Kuscsik wasn't the only Long Islander who excelled at the marathon distance (26.2 miles). Gary Muhrcke trained by running 10 miles back and forth between his home in Freeport and Far Rockaway, where he worked as a New York City fireman. He, too, got strange looks. But his training paid off. In 1970, Muhrcke won the first New York City Marathon in Central Park. Still, he hardly got a ticker tape parade in Freeport. ``Nobody even seemed to know there was a marathon,'' recalled Muhrcke.

That changed in 1976, when the NYC Marathon expanded to five boroughs. Over the next two years, the so-called `Running Boom'' really exploded throughout the country. A number of major Long Island races still held today, were run for the first time in 1977-78, including The Great Cow Harbor 10K in Northport, the five-mile Port Washington Thanksgiving Day Race, the Plainview 10K (Now the Run for Aspire), the Shelter Island 10K and the Rockville Center 10K. Also in 1978, an event had been run under various names since its inception as the Earth Day Marathon in 1970, was held for the first time as the Long Island Marathon, in Eisenhower Park. ``That was a key event,'' said Huntington's Aldo Scandurra, a founder of both the New York and Long Island Road Runners Clubs. ``It was the first race that brought the entire Long Island running community together.'' (In 1984, Long Island Marathon organizers added a half marathon, which is now one of the country's largest 13.1 mile races).

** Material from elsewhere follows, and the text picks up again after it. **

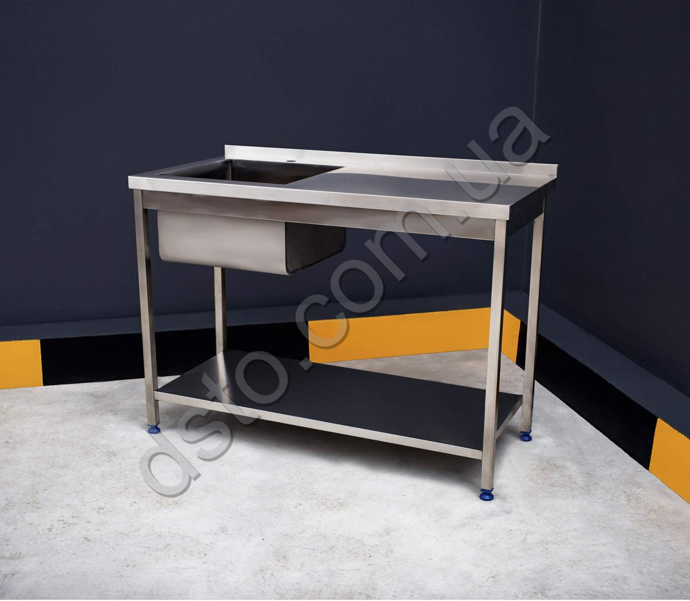 Стол с мойкой сварной слева и полкой из нержавейки 1200х600х850 DS3

The winner of the first Long Island Marathon -- and also of the first Cow Harbor 10K -- was Lou Calvano of Carle Place, who went on to compete in the 1980 Olympic Trials Marathon. Calvano was one of a cadre of talented marathoners who emerged on Long Island out of the 1970s running boom, and began to dominate the sport locally in the 1980s. The best was a lanky Ronkonkoma native with an odd, rocking gait named Pat Petersen. Petersen was the most consistent American performer in the New York City Marathon in the mid-1980s, finishing in the top five three times. In London in 1990, Petersen set a U.S. marathon record (2:10:04) that stood for seven years. (He came out of retirement last May to win the Long Island Half Marathon).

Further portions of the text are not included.